Burns presented a much more provocative alternative to the fines system: ban the executives responsible for the fraud or other bad behavior from working in the industry for a number of years, or actually send them to jail.
Of course, that would be hard to do as long as our top political leaders are the best buddies of the multi-millionaires and billionaires who run the big pharmaceutical companies and other huge health care organizations that generate our health care dysfunction.
Summary and Discussion
Mallinkcrodt made settlements of four legal cases since 2010, involving kickbacks to physicians, various deceptions, and anti-competitive behavior. The settlements never involved severe enough penalties to the company to really affect its bottom line, never required admission of responsibility, or any accountability by top executives whose huge remuneration were doubtlessly based on the revenues brought in by bad behavior. Yet US Attorney General continued the Kabuki performance by proclaiming he would "hold them accountable." Sessions just slapped the company on the wrist again, with a wet noodle.
That will show them.
This shows that despite all the hoopla lately about health care reform, our political debate completely misses most of the causes of our health care dysfunction.

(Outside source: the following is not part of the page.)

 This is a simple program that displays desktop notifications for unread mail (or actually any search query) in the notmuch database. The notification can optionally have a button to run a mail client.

There is suddenly a brief lull in the ongoing battle about whether to "repeal and replace Obamacare." This was cast as a health care reform debate, but really at best "Obamacare" (the Affordable Care Act, or ACA) was a somewhat jury-rigged attempt to increase health insurance coverage without any substantial decrease in the US dependence on large often locally dominant for-profit insurance companies to provide health care insurance. There was no serious discussion of alternatives, including "single-payer" government health insurance, much less a return to smaller non-profit insurance which might have some local accountability (see this post about Wendell Potter's Deadly Spin for an account of how non-profit insurance executives sold their organizations out to for-profits, greatly personally profiting from the process).
Even more to the point, there was no serious discussion of why US health care is the most expensive in the world, yet provides thoroughly mediocre service and outcomes, and still leaves many patients uninsured (see this LA Times article summarizing the latest Commonwealth Fund report).

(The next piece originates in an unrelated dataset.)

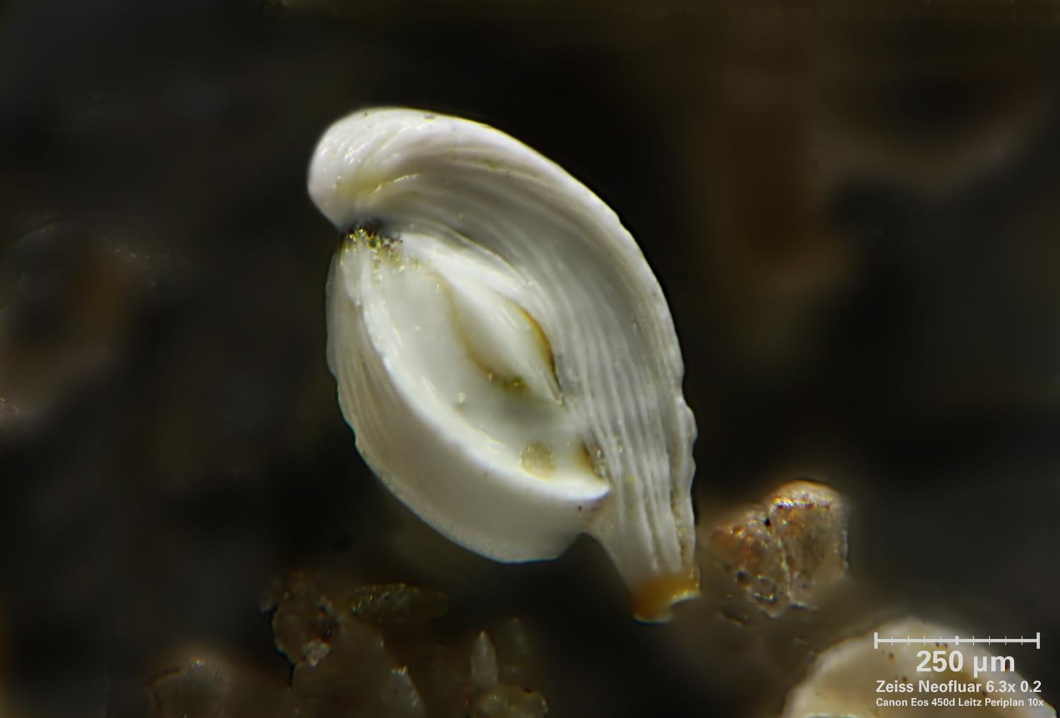 non è la conchiglia di un mollusco, credo sia una valva di ostracode ad ogni modo, complimenti per le foto! |

But while so many people are making fortunes from the current system, and are able to use their money to influence the ongoing debate, do not expect much change. The case above is just one example showing how executives of big health care corporations can make millions while avoiding accountability for their actions.

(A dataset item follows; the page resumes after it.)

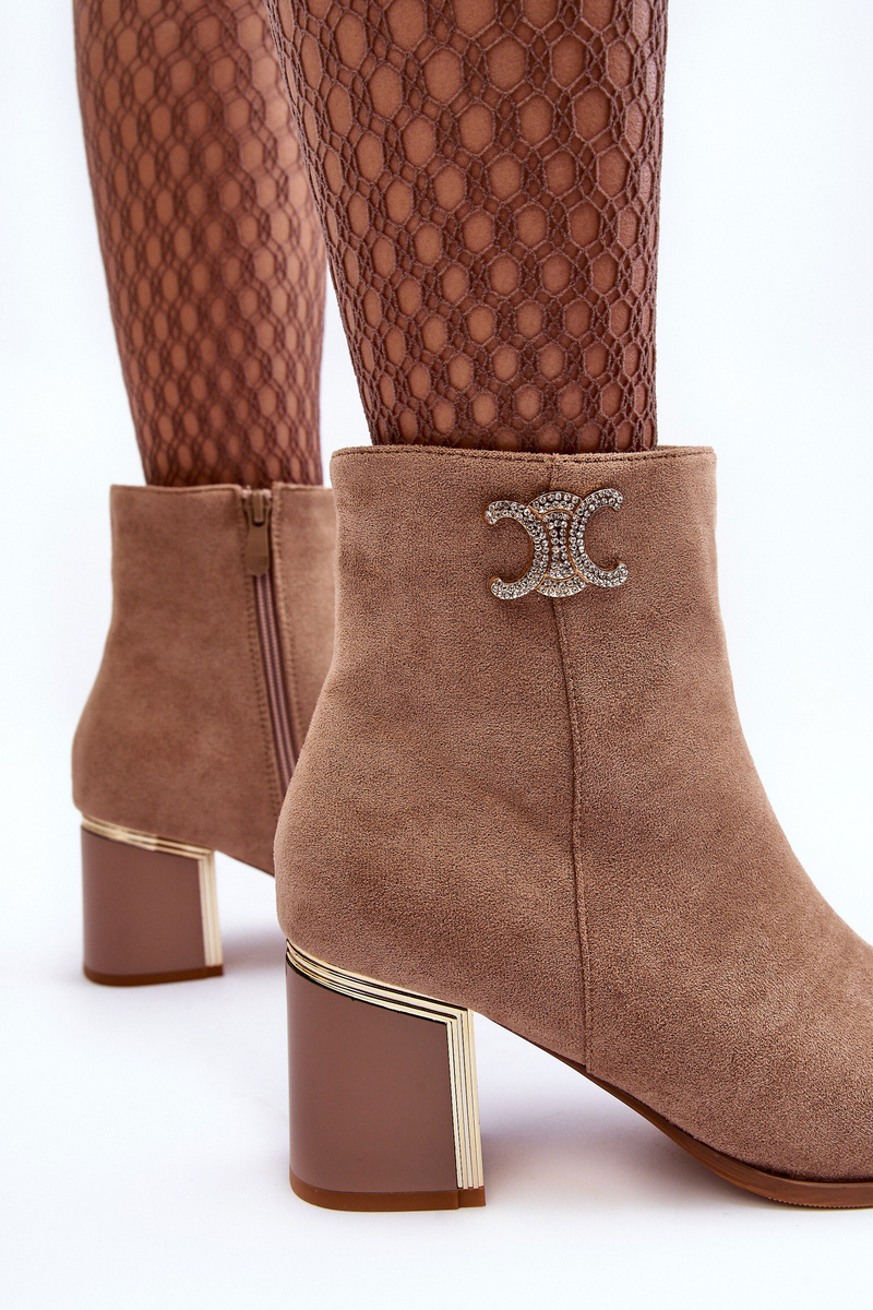 Botki Słupek Zamsz Ozdoba Beżowe Dwinja NS368P

As I have said until blue in the face,...
We will not make any progress reducing current health care dysfunction if we cannot have an honest conversation about what causes it and who profits from it. True health care reform requires ending the anechoic effect, exposing the web of conflicts of interest that entangle health care, publicizing who benefits most from the current dysfunction, and how and why. But it is painfully obvious that the people who have gotten so rich from the current status quo will use every tool at their disposal, paying for them with the money they have extracted from patients and taxpayers, to defend their position. It will take grit, persistence, and courage to persevere in the cause of better health for patients and the public.